The island comprises two lofty hills and is divided by a valley in such a way that it appears in the shape of the sacred Hindu symbol 'Om' from above. Between the precipitous hills of the Vindhya on the North and the Satpura on the South, the Narmada forms a deep silent pool which in former times was full of alligators and fish, so tame as to take grain from human hand. This pool is 270 ft below the cantilever type bridge constructed in 1979. The bridge has enhanced the scenic beauty of the place, making it look exceedingly picturesque.

This place of pilgrimage became famous in the historical times too. In 1063 AD, Paramarking Udayaditya installed four stone inscriptions with four Sanskrit Stotras and dedicated them to the Amaleshwar Temple. Pushpadanta's 'Shiva Mahima Stotra' can also be seen as a stone inscription.

Legend

Shiva Purana describes the greatness of Omkareshwar and Mammaleshwar. It says, two sons of the sun dynasty Mandhata - Ambarish and Mucchkund practiced severe penance and austerities here and pleased Lord Shiva. They also performed great religious sacrifices in this place because of which the mountain is named Mandhata.

Another Legend has it that the Vindhya mountain prayed to Shiva - Omkareshwara and was blessed here. Legend also has it that upon the request of the Devas, the Shivalinga split into two, one half being Omkareshwara and the other Amaleshwara or Amareshwar. King Mandhatha of the Ishvaku clan is believed to have worshiped Shiva here. The Omkareshawar temple is built in the North Indian style of architecture, with high spires. Devotees consider worship to Panchamuga Ganesha, to be very auspicious.

Places of Interest

Shri Omkar Mandhata - The temple stands on a one mile long, half mile wide island formed by the fork of the Narmada. The soft stone of which it was constructed has lent its pliable surface to a rare degree of detailed work, of which the frieze figures on the upper portion are the most striking. Also intricately carved is the stone roof of the temple. Encircling the shrine are verandahs with columns which are carved in circles, polygons and squares

The Siddnath Temple -   A classic example of early medieval Brahminic architecture, this one is well worth a visit.

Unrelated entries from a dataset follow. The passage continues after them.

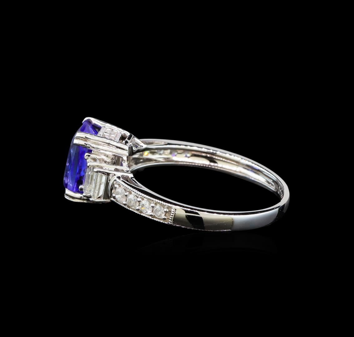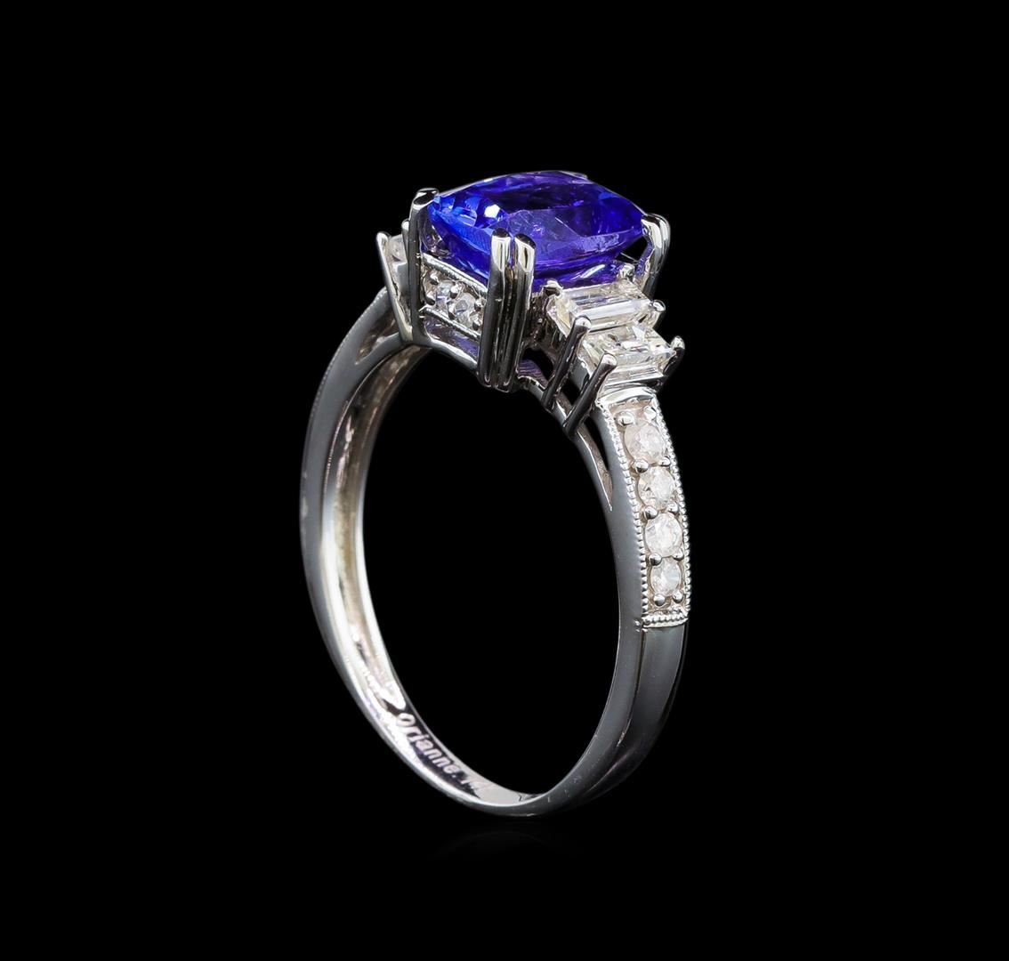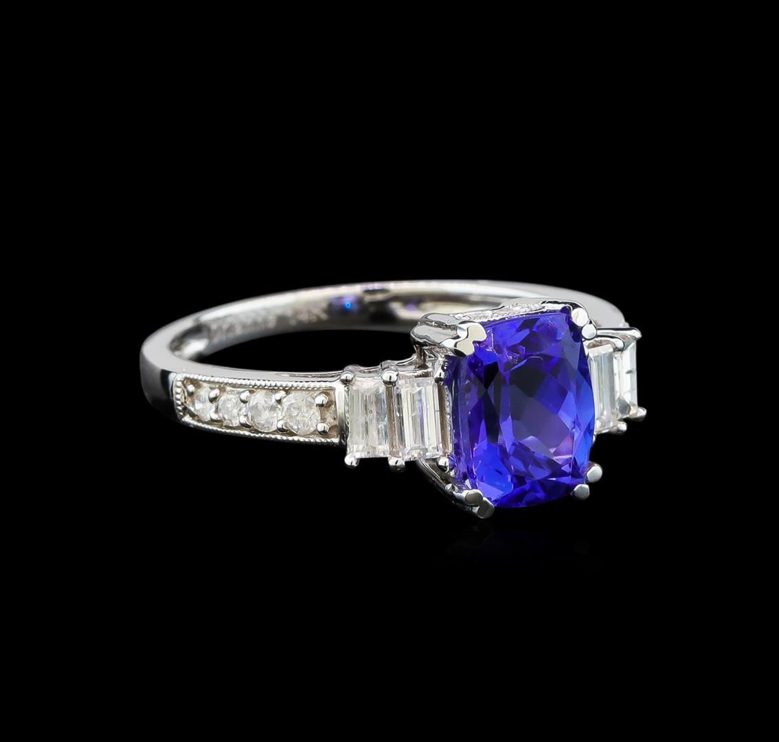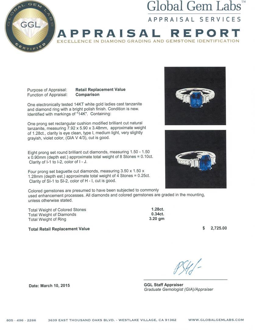 One electronically tested 14KT white gold ladies cast tanzanite and diamond ring with a bright polish finish. Identified with markings of "14K". Condition is new. Containing: One prong set rectangular cushion modified brilliant cut natural tanzanite, measuring 7.92 x 5.90 x 3.48mm, approximate weight of 1.28ct., clarity is eye clean, type I, medium light, very slightly grayish, violet color, (GIA V 4/3), cut is good. Eight prong set round brilliant cut diamonds, measuring 1.50 - 1.50 x 0.90mm (depth est.) approximate total weight of 8 Stones = 0.10 ct. Clarity: I-1 to I-2. Color: I - J. Four prong set baguette cut diamonds, measuring 3.50 x 1.50 x 1.28mm (depth est.) approximate total weight of 4 Stones = 0.25ct. Clarity: SI-1 to SI-2. Color: H - I, Cut is Good. Colored gemstones are presumed to have been subjected to commonly used enhancement processes. All diamonds and colored gemstones are graded in the mounting, unless otherwise stated. Total Weight of Colored Stones 1.28ct. Total Weight of Diamonds 0.34ct. Total Weight of Ring 3.20 grams. GGL Appraised.
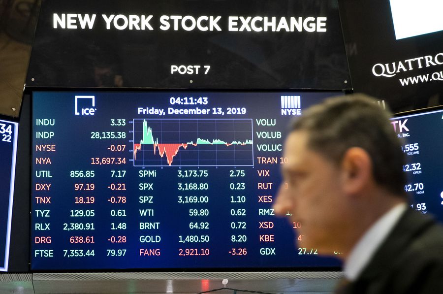 An electronic screen shows the trading data at the New York Stock Exchange in New York, the United States, on Dec. 13, 2019. (Xinhua/Wang Ying)
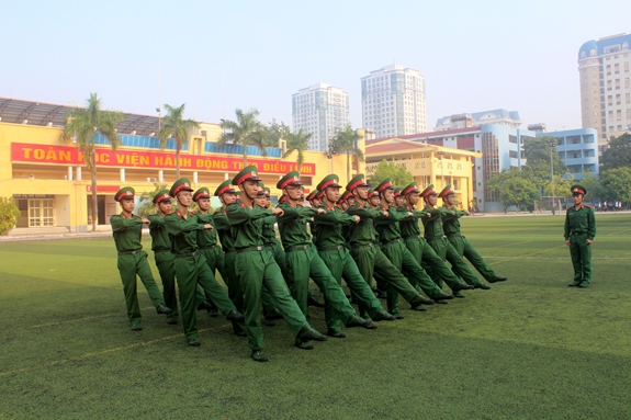 Học viên Học viện Kỹ thuật Quân sự huấn luyện Điều lệnh Đội ngũ. |

Its most eye-catching feature is a frieze of elephants over 1.5m high carved on a stone slab at its outer perimeter. Elaborate carved figures decorate the upper portion and the roof of the temple. The shrine is encircled by verandahs with columns carved in circles, polygons and squares.

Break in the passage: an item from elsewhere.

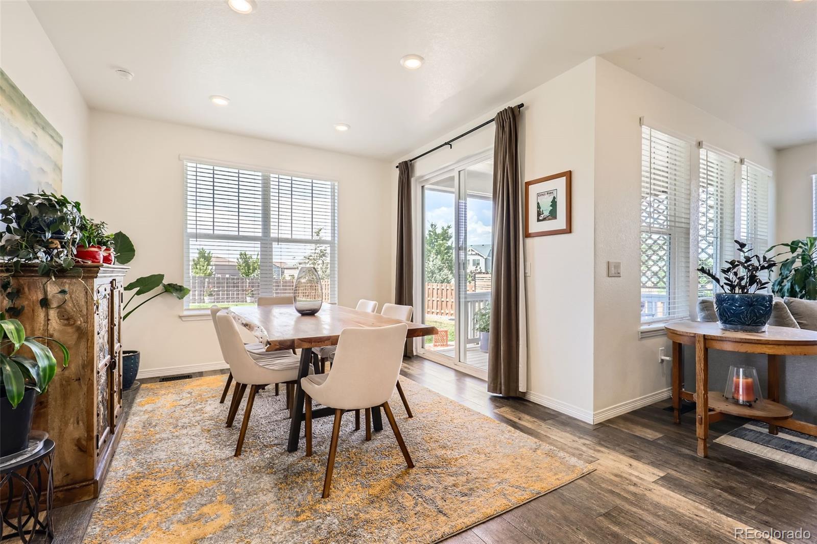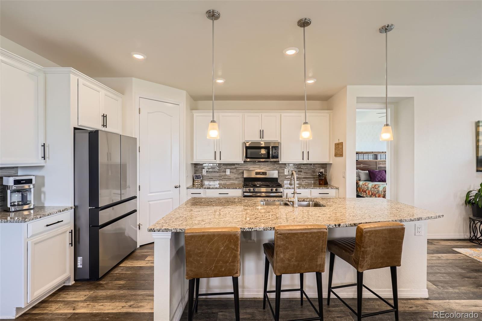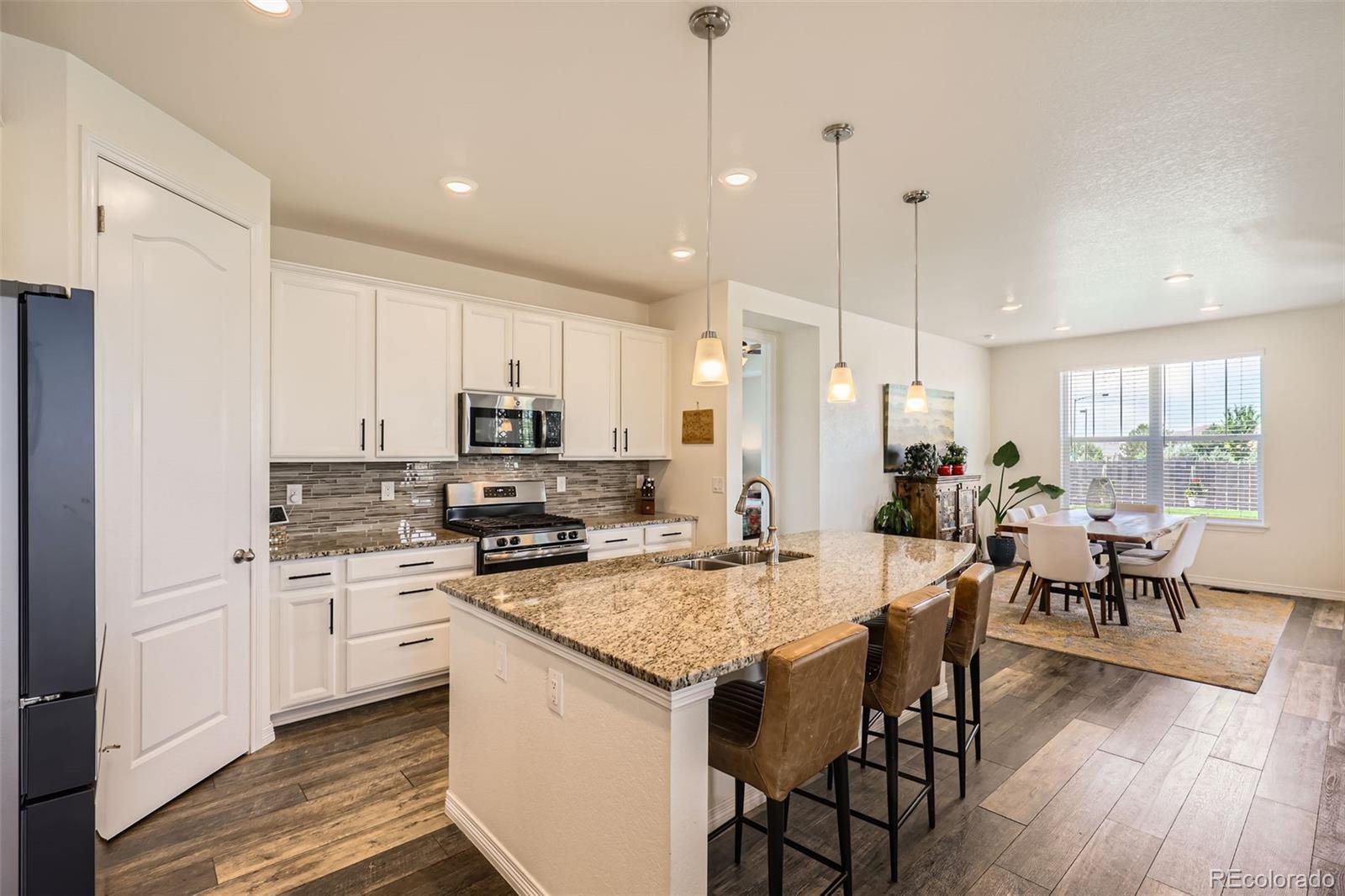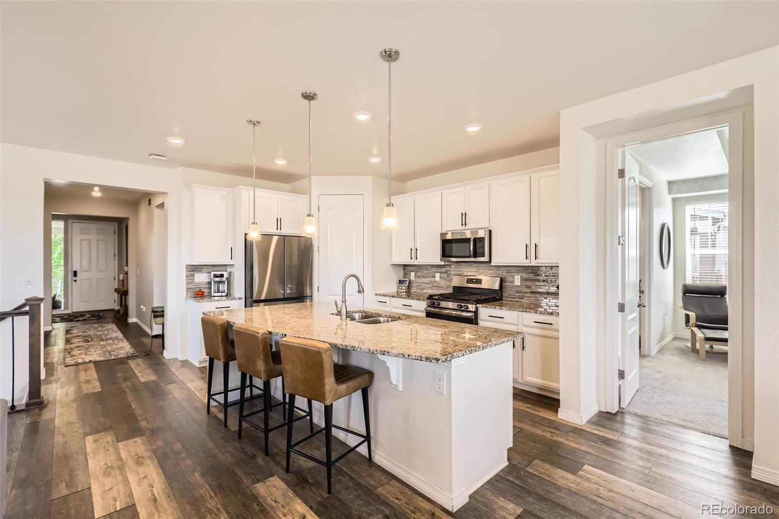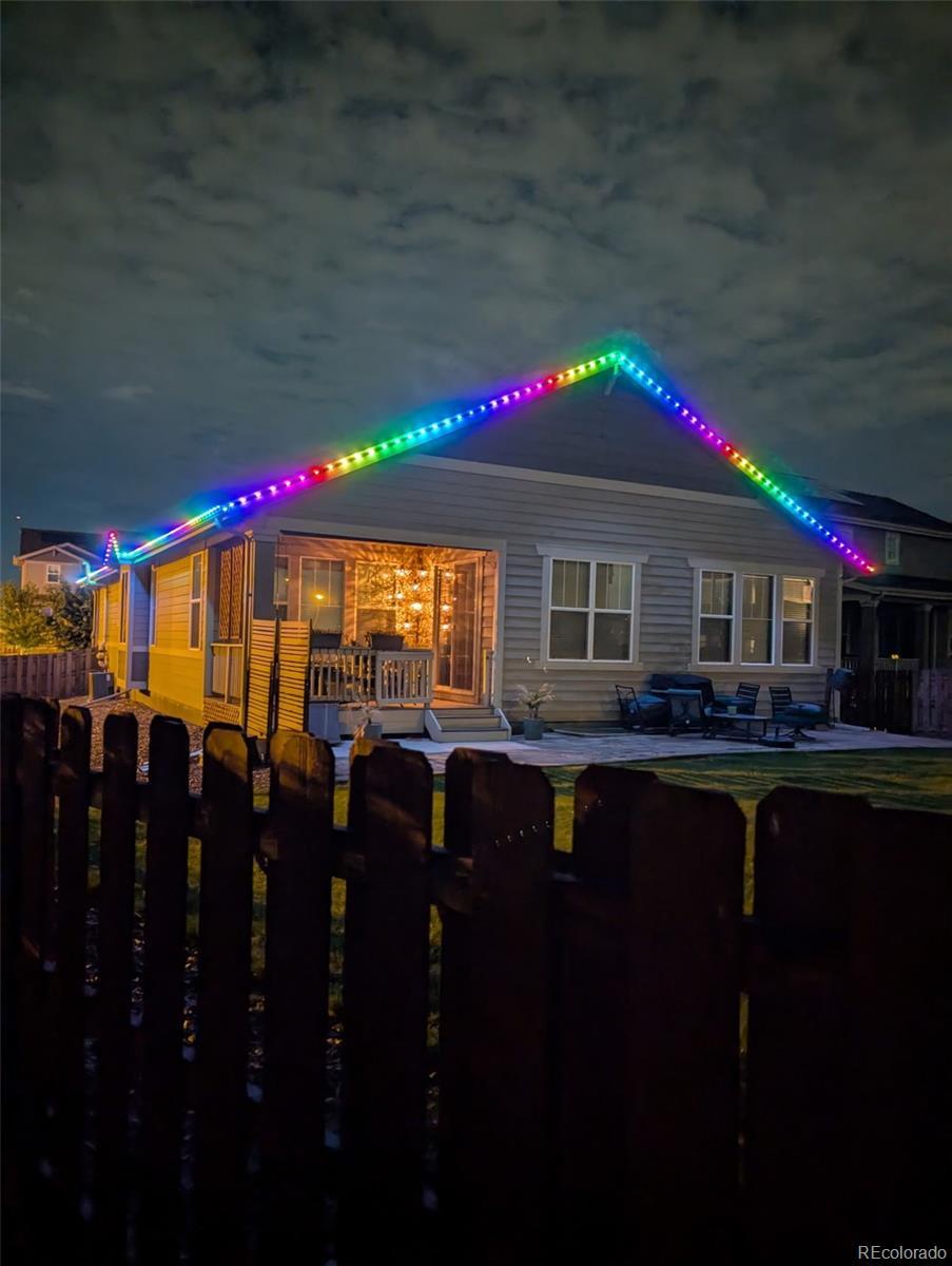 Simple yet sophisticated! Situated on a large corner lot, this property is turnkey and ready for you to unpack your bags. Located on the quiet north end of the Turnberry community in Commerce City's Reunion area, it has easy access to I-76 and Colorado 2. Walkable to the Buffalo Ridge Rec Center and a short drive to either prairie center or Reunion Marketplace. A block from Turnberry Elementary and its fields. This home boasts great outdoor living with both front and back porches. The large back lawn with 5 ft shadowbox fences are very dog friendly. You'll see from both inside and out that this home has been lovingly maintained. At the front of the home are two bedrooms and a full bathroom. Off of the garage is a mudroom and laundry room, great for seasonal entry. The main room is your open concept kitchen, dining room and living room, with granite counters and island. The primary suite is modern, with large bath and walk-in closet. The stairs to the basement are open off the living room, but this space remains unfinished. There are two egress windows on the south end, should you choose to add bedrooms here in the future. This space can be great for storage, or future expansion to your needs. Do not miss the high shelves in the garage, perfect for seasonal storage. On top of all that, an owned SunNova solar power system for low utility bills and an Everlight lighting system to spread seasonal joy! This home is easy to show and ready for its next chapter! Call to schedule a showing today!

24 Avatars - A cluster of Hindu and Jain temples, remarkable for their skillful use of varied architectural modes.

Satmatrika Temple - 6 km from Omkareshwar, a group of 10th century temples.

Kajal Rani Cave - 9 km from Omkareshwar a particularly picturesque scenic spot, with a panoramic view of broad acres and gently undulating landscape that stretches in unbroken harmony till the horizon.

Getting there and Around

By Air - The nearest airport is Indore (77 km), connected by regular flights with Delhi, Mumbai, Bhopal and Gwolior.

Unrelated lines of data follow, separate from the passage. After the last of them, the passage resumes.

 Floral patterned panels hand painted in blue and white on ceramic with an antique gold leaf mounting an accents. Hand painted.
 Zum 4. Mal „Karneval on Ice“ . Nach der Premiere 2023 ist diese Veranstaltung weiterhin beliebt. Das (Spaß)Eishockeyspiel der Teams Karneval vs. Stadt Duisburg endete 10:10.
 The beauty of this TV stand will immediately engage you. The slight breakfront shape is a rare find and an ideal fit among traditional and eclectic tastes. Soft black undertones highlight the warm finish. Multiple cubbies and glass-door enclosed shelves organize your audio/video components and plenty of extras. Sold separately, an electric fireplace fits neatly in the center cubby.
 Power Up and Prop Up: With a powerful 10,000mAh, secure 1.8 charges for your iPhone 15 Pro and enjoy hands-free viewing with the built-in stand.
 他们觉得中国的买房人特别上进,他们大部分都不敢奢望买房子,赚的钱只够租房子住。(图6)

By Rail - Nearest railhead is Omkareshwar Road (12 km) on the Ratlam-khandwa section of the Western Railway.

By Road - Omkareshwar is connected to Indore, Ujjain, Khandwa and Omkareshwar Road by regular bus services.

Accommodation

Donít expect any plush hotels, the accommodation available is pretty basic.Dharamshalas are aplenty but they are primarily for Hindus. Check out the Yatrika Guest House at Omkareshwar Mandir. Another good bet is the Holkar Guest House run by the Ahilyabai Charity Trust.